Most economic models of market power do not worry about why one firm seems to fare so much better than its rivals. In effect what they do is assume that the differentiator falls from heaven and then the advantaged firm exploits its gift.

The assumption of gifted advantage never made sense as a true reflection of reality, but as a simplifying assumption it seemed to do little harm for analyzing stable and long-enduring large firms in industries for which there were few close substitutes. But this assumption runs strongly counter to how tech industries work. Tech firms and their offerings are always changing, making the gift-based analyses yield bad results. Consider, for example, an analysis that was prominent and important in the US government’s case against Microsoft. The analysis began with an assumption that there existed a firm that held a significant market share in operating systems and then asked whether this market share could be used to advantage the large firm in its competition for future generations of operating systems and related products. The analysis never asked why the firm was so significant, whether the share actually gave undeserved advantage, and the impact of a policy that penalizes a firm that gains significant market shares through superior enterprise and effort. If these questions had been analyzed, the research model would likely have concluded that the government’s case against Microsoft was going to harm customers.

Implications for Exclusionary Conduct Claims

It is common today for antitrust advocates to hold that tech firms are engaging in exclusionary conduct, i.e., the acts of a firm with monopoly power that disadvantage and harm competitors. Examples of such claims include complaints that Google biases its search results in favor of its own enterprises and Amazon unfairly promotes its own products. Unfortunately for the advocates, big tech doesn’t have monopoly power and, even if it does bias searches and listings, that doesn’t necessarily harm rivals.

I have already explained why it is erroneous to conclude that a large digital firm necessarily has market power. So I will turn my attention to the effects of bias. I will use Google and Amazon as examples. I do not know if they bias their work to favor their own products, but many people do believe this so I will accept it for sake of argument in this article.

Platforms such as Google and Amazon work hard to attract users, and advertisers (in the case of Google) and third-party sellers (in the case of Amazon) benefit from that work. In fact, the more a platform provider profits from attracting users, the harder it works to draw them in. Biasing search or product lists can increase the profitability of attracting users to a platform. These higher profits incentivize the platform to attract more users. This benefits advertisers and third-party sellers if enough of the new users buy from them.

Apparently this is happening. Search and e-commerce are growing, especially during the pandemic. So Google and Amazon appear to be adding users. And advertisers and third-party sellers continue to flock to these platforms, implying that they find the platforms valuable relative to the alternatives. There are examples of advertisers and sellers being unhappy that they have to compete with the platforms, but that is probably a result of the WYSIATI bias (What You See Is All There Is). The platforms’ rivals do not experience the platforms’ efforts to attract users and so naively act as if the users would be there even if the platforms did not bias their results.

This does not mean that all advertisers and third-party sellers benefit from platform bias. But given their numbers, it seems likely that some do, whether they realize it or not. At least these advertisers and third-party sellers, and their customers, could be made worse off if government officials prohibit bias.
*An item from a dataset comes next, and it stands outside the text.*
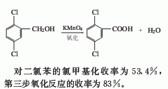 4. benzoyl chloride method is obtained by chlorination and hydrolysis of benzoyl chloride. the chlorination temperature of benzoyl chloride is controlled between 35-45°c. the main component of the chloride obtained is 2,5-dichlorobenzoyl chloride (content 65%). then, in the presence of concentrated sulfuric acid, it is chlorinated at 40-45°c. hydrolyzed at 50℃.

The current truism held by the neo-Brandeisians and many journalists that big is bad will harm the US economy if it takes hold in actual antitrust actions. Even if it does not take hold, consumer welfare is being made at risk by current antitrust practices because they are not up to the task of identifying and addressing market power in tech. Today’s procedures and theories give false positives, and probably few false negatives, resulting in an overabundance of antitrust restrictions that limit what consumers can enjoy in digital markets.